What is required:
Once the line with "Το Ε.Ε.Ε.ΕΚ. Κισάμου, σε" is found in the entries below, print it and each following line exactly, stopping after the line with "- 牛奶和糖攪拌至糖化,加入"; print nothing else.

Input data:
======

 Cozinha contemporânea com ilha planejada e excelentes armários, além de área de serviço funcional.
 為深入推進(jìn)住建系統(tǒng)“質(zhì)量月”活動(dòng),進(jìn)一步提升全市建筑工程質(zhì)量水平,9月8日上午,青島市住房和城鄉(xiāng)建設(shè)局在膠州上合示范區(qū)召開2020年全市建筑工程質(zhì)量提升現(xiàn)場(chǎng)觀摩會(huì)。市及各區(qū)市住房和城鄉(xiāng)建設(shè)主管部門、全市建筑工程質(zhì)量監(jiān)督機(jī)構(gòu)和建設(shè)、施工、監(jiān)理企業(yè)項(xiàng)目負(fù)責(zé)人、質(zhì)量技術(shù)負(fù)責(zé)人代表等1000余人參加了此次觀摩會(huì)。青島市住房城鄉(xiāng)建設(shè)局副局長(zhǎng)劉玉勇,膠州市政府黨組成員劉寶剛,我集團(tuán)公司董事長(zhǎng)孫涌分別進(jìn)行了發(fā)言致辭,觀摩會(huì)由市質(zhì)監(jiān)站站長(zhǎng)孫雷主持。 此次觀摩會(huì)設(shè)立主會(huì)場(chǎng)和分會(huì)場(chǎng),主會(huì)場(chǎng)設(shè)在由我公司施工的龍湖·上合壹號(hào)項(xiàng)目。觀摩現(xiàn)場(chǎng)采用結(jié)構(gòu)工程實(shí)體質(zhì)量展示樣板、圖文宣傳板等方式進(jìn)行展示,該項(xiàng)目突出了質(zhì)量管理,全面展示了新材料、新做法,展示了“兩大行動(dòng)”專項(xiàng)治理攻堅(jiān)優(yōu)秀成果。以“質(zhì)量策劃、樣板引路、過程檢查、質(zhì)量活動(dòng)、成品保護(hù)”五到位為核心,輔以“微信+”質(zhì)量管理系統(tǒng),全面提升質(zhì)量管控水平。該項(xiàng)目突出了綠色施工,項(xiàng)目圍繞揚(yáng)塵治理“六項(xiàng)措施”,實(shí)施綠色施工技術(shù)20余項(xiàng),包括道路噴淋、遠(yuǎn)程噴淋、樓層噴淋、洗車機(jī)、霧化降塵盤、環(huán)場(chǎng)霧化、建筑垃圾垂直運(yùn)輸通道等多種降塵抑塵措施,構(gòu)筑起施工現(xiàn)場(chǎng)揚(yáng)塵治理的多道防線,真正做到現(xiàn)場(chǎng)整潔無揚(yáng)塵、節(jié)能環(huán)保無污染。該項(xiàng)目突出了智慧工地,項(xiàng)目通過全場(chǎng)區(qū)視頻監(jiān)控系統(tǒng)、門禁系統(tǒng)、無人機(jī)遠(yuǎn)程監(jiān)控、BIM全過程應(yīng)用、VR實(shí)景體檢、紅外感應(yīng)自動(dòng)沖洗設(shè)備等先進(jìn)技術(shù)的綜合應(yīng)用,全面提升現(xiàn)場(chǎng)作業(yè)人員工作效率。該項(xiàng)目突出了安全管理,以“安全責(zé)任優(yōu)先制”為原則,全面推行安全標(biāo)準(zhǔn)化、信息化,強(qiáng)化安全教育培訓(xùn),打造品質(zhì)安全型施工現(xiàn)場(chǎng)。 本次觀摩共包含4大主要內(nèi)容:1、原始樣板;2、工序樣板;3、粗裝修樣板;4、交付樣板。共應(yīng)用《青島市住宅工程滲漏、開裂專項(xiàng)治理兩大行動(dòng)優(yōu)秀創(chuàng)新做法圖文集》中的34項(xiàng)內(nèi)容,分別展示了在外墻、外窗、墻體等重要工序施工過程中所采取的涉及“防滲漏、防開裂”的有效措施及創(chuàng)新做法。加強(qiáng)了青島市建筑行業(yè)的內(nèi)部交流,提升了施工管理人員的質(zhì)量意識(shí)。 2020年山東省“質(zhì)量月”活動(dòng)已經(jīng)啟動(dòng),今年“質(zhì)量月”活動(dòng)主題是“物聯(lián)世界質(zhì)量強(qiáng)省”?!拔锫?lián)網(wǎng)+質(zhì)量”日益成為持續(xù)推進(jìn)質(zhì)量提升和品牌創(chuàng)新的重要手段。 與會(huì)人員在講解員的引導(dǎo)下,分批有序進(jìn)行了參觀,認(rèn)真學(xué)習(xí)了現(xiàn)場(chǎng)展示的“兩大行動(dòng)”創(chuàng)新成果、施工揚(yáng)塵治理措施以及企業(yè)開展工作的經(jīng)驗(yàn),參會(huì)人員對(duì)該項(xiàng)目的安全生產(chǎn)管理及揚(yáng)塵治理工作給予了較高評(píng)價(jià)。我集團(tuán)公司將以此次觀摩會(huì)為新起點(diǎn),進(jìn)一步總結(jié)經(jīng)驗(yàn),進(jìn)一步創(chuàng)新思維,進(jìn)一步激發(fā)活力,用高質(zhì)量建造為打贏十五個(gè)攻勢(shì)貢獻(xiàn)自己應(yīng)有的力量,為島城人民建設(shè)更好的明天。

======

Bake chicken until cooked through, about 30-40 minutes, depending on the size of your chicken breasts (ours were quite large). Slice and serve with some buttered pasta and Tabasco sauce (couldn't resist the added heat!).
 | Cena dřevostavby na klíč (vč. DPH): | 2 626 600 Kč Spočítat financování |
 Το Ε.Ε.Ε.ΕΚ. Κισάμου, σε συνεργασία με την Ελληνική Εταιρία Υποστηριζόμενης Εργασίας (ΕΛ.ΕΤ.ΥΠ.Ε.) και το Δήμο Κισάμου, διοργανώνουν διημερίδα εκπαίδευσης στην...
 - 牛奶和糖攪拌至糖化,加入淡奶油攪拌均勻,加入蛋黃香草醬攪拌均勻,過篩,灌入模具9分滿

======

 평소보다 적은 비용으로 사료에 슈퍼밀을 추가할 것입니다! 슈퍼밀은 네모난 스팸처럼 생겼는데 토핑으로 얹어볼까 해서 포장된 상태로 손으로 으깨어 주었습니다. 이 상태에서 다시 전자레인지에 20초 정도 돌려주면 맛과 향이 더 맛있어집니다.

======

Exercise response:
 Το Ε.Ε.Ε.ΕΚ. Κισάμου, σε συνεργασία με την Ελληνική Εταιρία Υποστηριζόμενης Εργασίας (ΕΛ.ΕΤ.ΥΠ.Ε.) και το Δήμο Κισάμου, διοργανώνουν διημερίδα εκπαίδευσης στην...
 - 牛奶和糖攪拌至糖化,加入淡奶油攪拌均勻,加入蛋黃香草醬攪拌均勻,過篩,灌入模具9分滿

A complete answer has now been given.